##### Task material

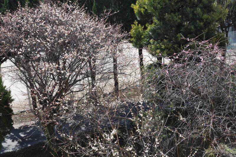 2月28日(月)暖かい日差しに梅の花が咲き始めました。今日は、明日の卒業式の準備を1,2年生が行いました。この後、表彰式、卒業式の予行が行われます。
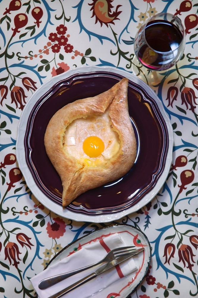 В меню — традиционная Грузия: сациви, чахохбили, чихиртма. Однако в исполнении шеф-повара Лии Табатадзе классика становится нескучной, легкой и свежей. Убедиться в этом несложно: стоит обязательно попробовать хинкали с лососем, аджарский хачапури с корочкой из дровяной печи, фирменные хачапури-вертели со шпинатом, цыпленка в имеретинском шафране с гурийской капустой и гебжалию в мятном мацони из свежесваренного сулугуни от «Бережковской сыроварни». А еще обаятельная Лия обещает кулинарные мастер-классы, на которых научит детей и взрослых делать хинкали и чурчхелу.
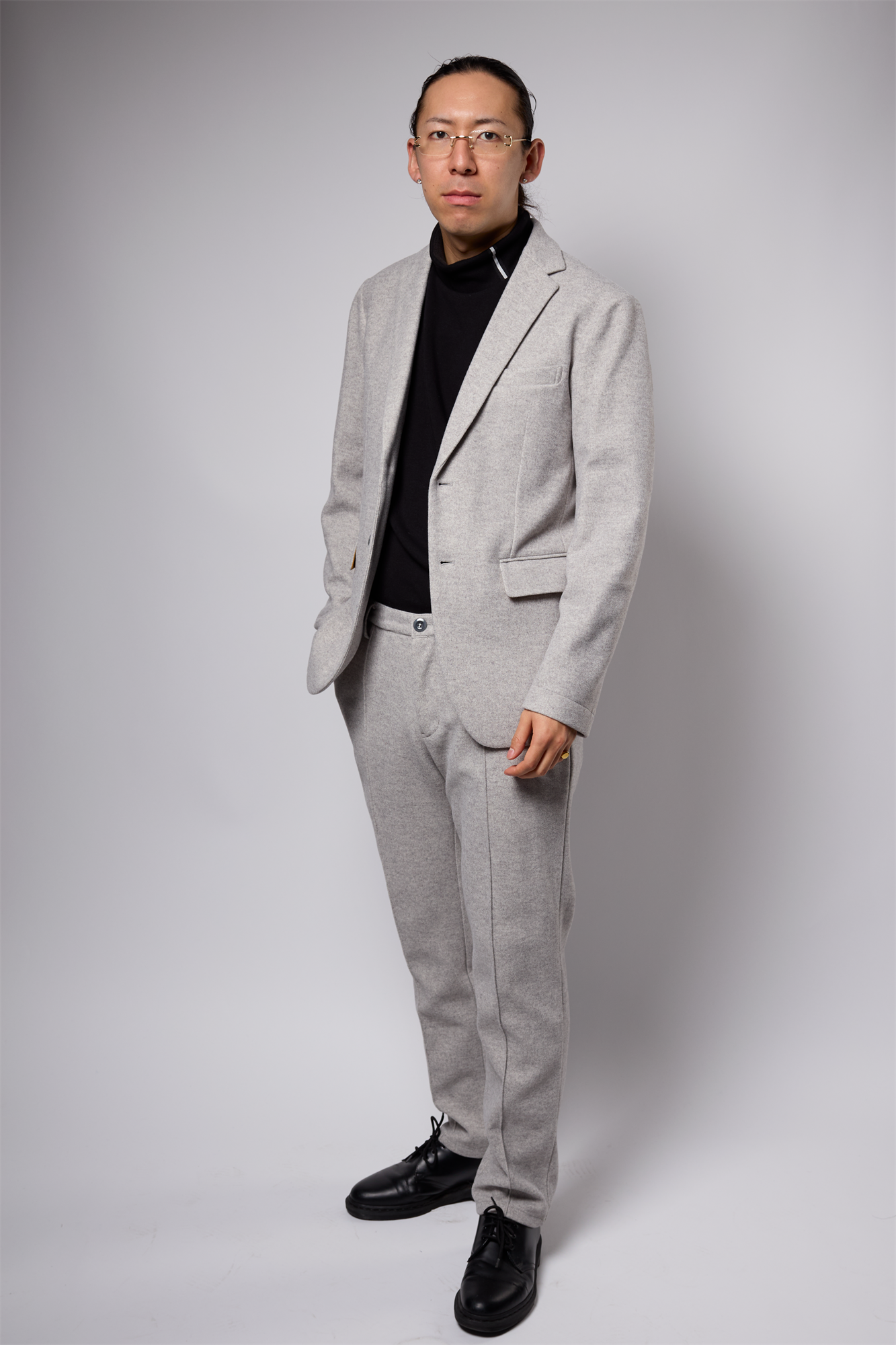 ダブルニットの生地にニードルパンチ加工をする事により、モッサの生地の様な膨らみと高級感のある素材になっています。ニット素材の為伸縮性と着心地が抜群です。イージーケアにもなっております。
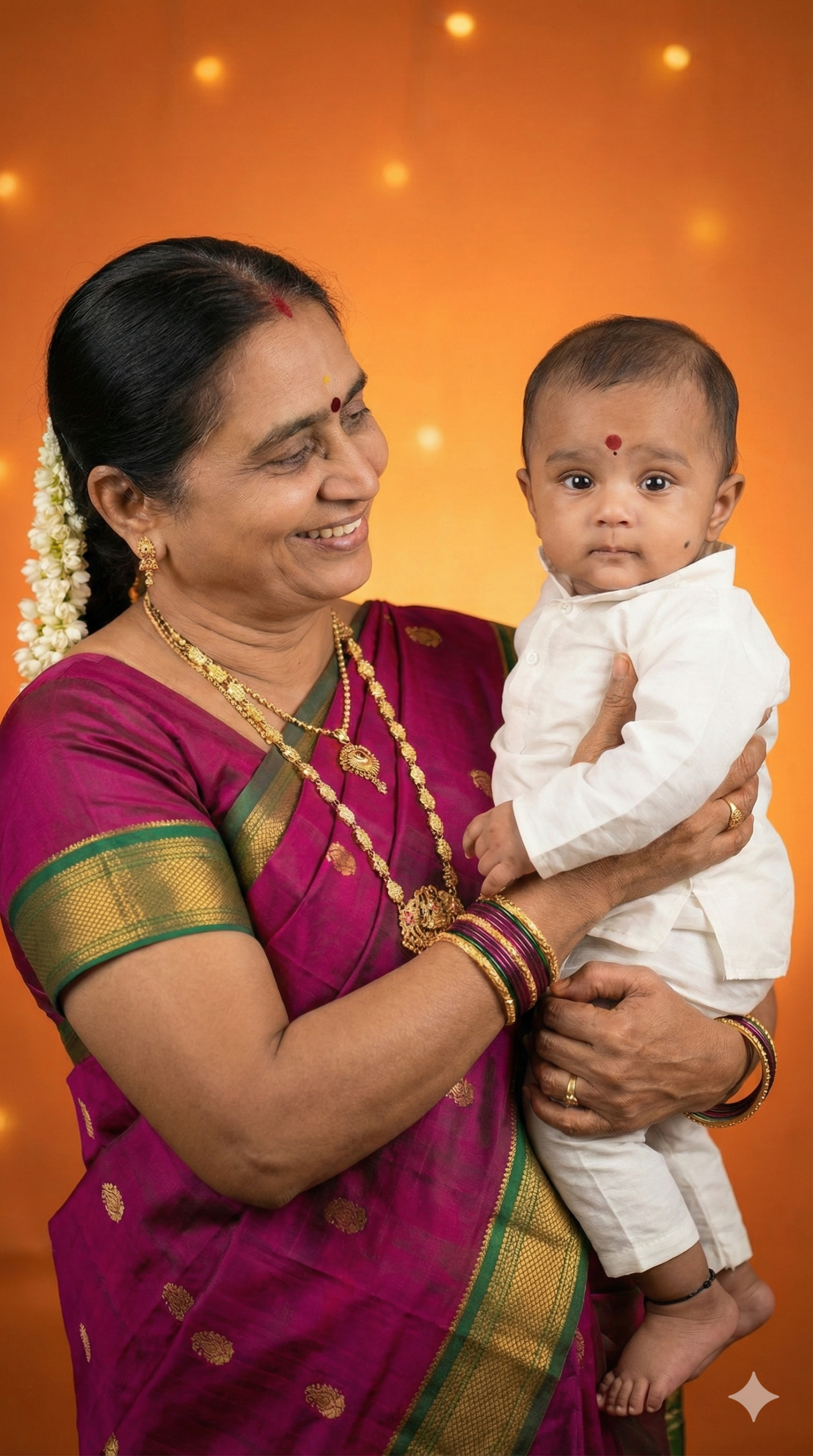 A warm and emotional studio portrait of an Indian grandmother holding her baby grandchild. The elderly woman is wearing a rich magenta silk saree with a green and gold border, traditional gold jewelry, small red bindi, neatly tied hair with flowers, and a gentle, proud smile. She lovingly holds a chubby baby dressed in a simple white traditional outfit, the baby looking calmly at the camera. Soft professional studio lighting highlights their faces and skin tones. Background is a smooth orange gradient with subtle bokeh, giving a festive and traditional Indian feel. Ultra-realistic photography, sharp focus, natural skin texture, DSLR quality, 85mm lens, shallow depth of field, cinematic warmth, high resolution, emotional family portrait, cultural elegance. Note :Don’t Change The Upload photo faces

##########
##### Task material

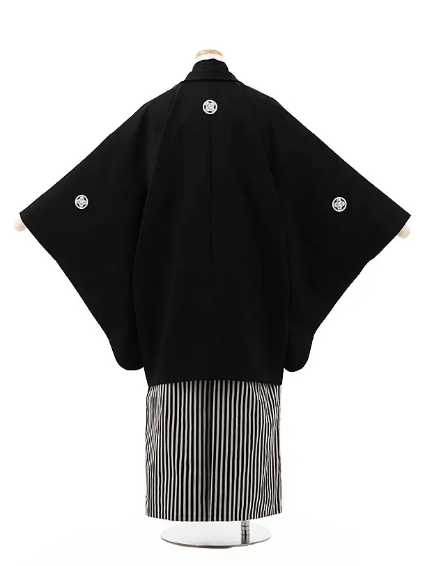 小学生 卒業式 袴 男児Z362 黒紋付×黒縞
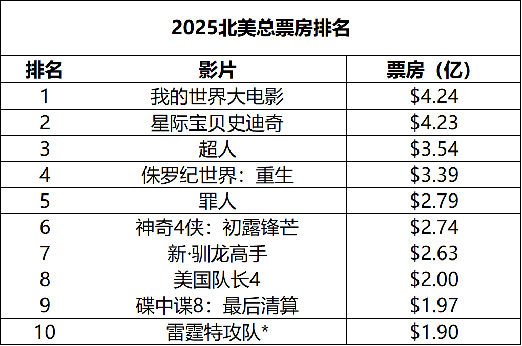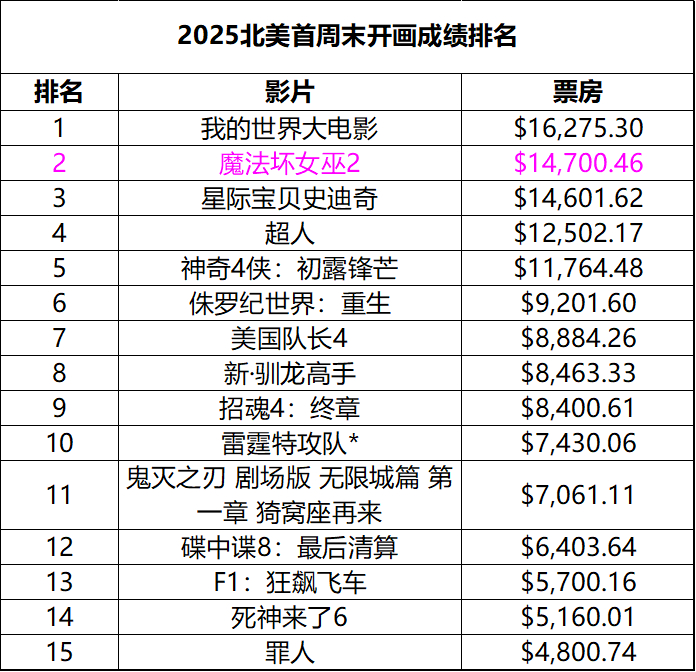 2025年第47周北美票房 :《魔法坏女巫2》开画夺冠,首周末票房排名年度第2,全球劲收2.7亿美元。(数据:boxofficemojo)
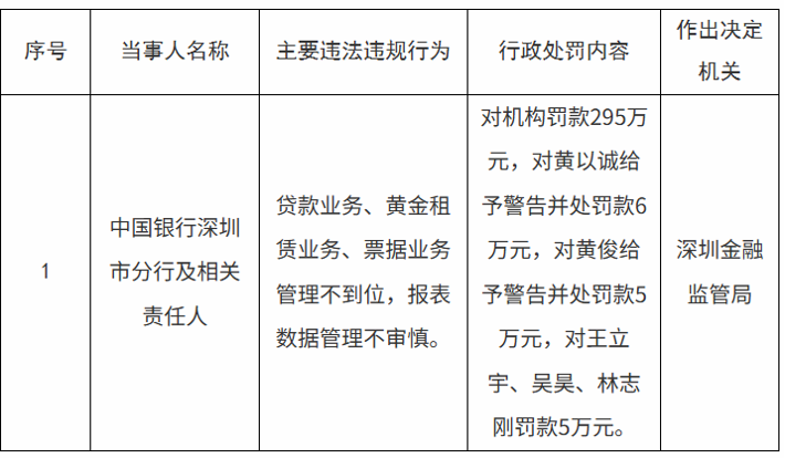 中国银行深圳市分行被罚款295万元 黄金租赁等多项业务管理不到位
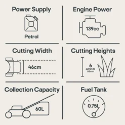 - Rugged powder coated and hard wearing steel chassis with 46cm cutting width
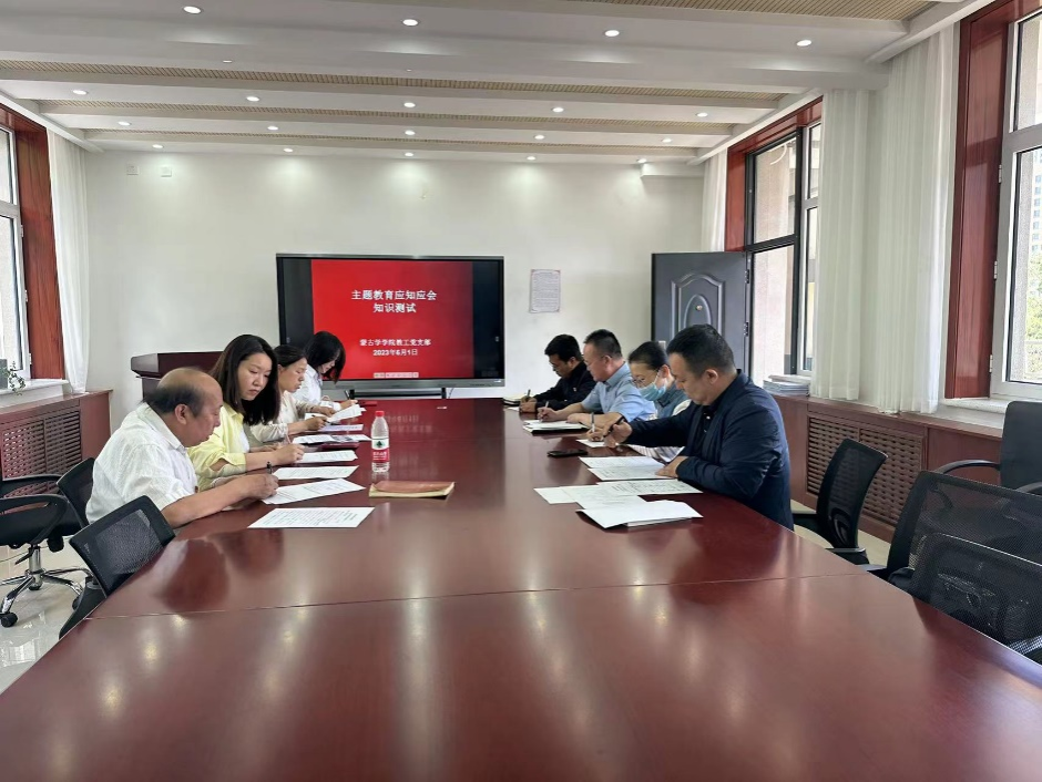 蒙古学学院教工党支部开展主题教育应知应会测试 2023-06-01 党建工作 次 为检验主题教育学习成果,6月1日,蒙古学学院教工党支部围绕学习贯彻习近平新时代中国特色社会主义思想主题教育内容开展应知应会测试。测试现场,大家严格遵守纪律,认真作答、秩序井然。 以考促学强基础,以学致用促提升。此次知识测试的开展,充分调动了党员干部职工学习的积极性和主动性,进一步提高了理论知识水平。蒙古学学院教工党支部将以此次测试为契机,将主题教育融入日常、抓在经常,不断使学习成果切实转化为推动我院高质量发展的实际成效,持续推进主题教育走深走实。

##########
##### Task material

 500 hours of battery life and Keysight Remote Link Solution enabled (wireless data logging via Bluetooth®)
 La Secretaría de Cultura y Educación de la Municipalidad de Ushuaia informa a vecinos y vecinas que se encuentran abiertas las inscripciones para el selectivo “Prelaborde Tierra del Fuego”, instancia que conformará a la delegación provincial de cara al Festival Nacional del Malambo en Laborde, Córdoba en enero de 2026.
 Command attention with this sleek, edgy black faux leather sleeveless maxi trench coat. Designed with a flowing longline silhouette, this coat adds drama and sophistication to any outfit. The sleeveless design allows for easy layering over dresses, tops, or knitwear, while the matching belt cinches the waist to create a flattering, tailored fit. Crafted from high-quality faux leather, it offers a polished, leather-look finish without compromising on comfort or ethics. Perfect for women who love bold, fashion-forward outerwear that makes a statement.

##########

Everything from the line above that contains "2025年第47周北美票房 :《魔法坏女" down to the line that contains "蒙古学学院教工党支部开展主题教育应知应会测试 2023-06-01 党建工作" must be reproduced exactly, both ends included. Omit the pictures.

# [Response for this exercise]
 2025年第47周北美票房 :《魔法坏女巫2》开画夺冠,首周末票房排名年度第2,全球劲收2.7亿美元。(数据:boxofficemojo)
 中国银行深圳市分行被罚款295万元 黄金租赁等多项业务管理不到位
 - Rugged powder coated and hard wearing steel chassis with 46cm cutting width
 蒙古学学院教工党支部开展主题教育应知应会测试 2023-06-01 党建工作 次 为检验主题教育学习成果,6月1日,蒙古学学院教工党支部围绕学习贯彻习近平新时代中国特色社会主义思想主题教育内容开展应知应会测试。测试现场,大家严格遵守纪律,认真作答、秩序井然。 以考促学强基础,以学致用促提升。此次知识测试的开展,充分调动了党员干部职工学习的积极性和主动性,进一步提高了理论知识水平。蒙古学学院教工党支部将以此次测试为契机,将主题教育融入日常、抓在经常,不断使学习成果切实转化为推动我院高质量发展的实际成效,持续推进主题教育走深走实。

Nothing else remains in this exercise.